Bear’s friends include the mischievous Cat, the slightly neurotic Hen, the endearingly clumsy Duck, the self-important Owl and a sweet little girl by the name of Emily. These characters enjoy one another’s company and share their day-to-day life together. Although the story lines are devoid of the hyper-violent commotion that makes up most Hollywood movies, the world of “Little Bear” has its share of conflict.
“It’s not a sickeningly sweet show,” Taylor says. “It’s a show about characters growing up and trying to get along together. If you observe this carefully, you’ll notice that Duck is slightly nervous whenever he is a little too close for comfort to Cat. It is those subtleties that make the show unique.”

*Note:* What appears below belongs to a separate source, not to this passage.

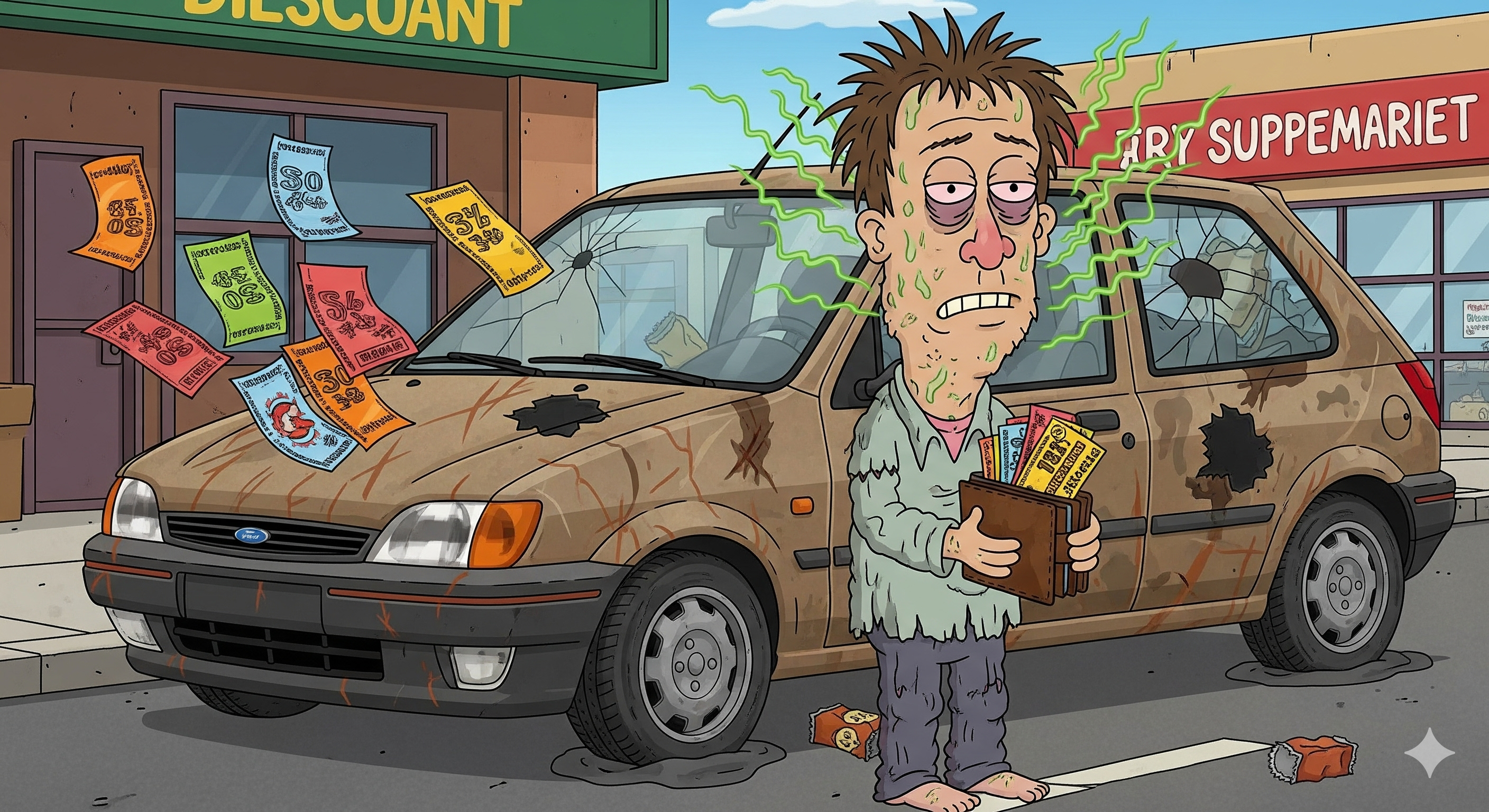 - Battered Fiesta? You’ve skipped a shower and your wallet’s stuffed with supermarket discount vouchers.

Still, the story’s central relationship is that of the cub and his mother. It is through her nurturing interaction with him that Little Bear finds the strength to go out with his friends and explore the world.
“The property was designed to create an environment that will empower the child,” Taylor says. “And that empowerment will not be dampened by parental force. The mother is there to allow Little Bear to live.”
In an implicit way, the stories also champion a return to a simpler, old-fashioned way of life that includes a closer contact with nature and the establishment of tightly knit communal relationships. Adults may find a slightly melancholy tinge to this idealistic vision that clashes head-on with a real world littered by excessive information, stimuli and consumerism. Like most successful works of children’s entertainment, “Little Bear” questions the very essence of adult society and its elusive quest for happiness.
“We look at ‘Little Bear’ in this electronically connected world and long for a moment in our life when things were simple and we had plenty of time to use our imagination,” Taylor reflects. “If that stirs melancholy feelings for the individual, so be it.”
* “Little Bear” can be seen weekdays at noon, and Tuesday to Friday at 9 a.m. on Nickelodeon. The network has rated it TV-Y (suitable for young children).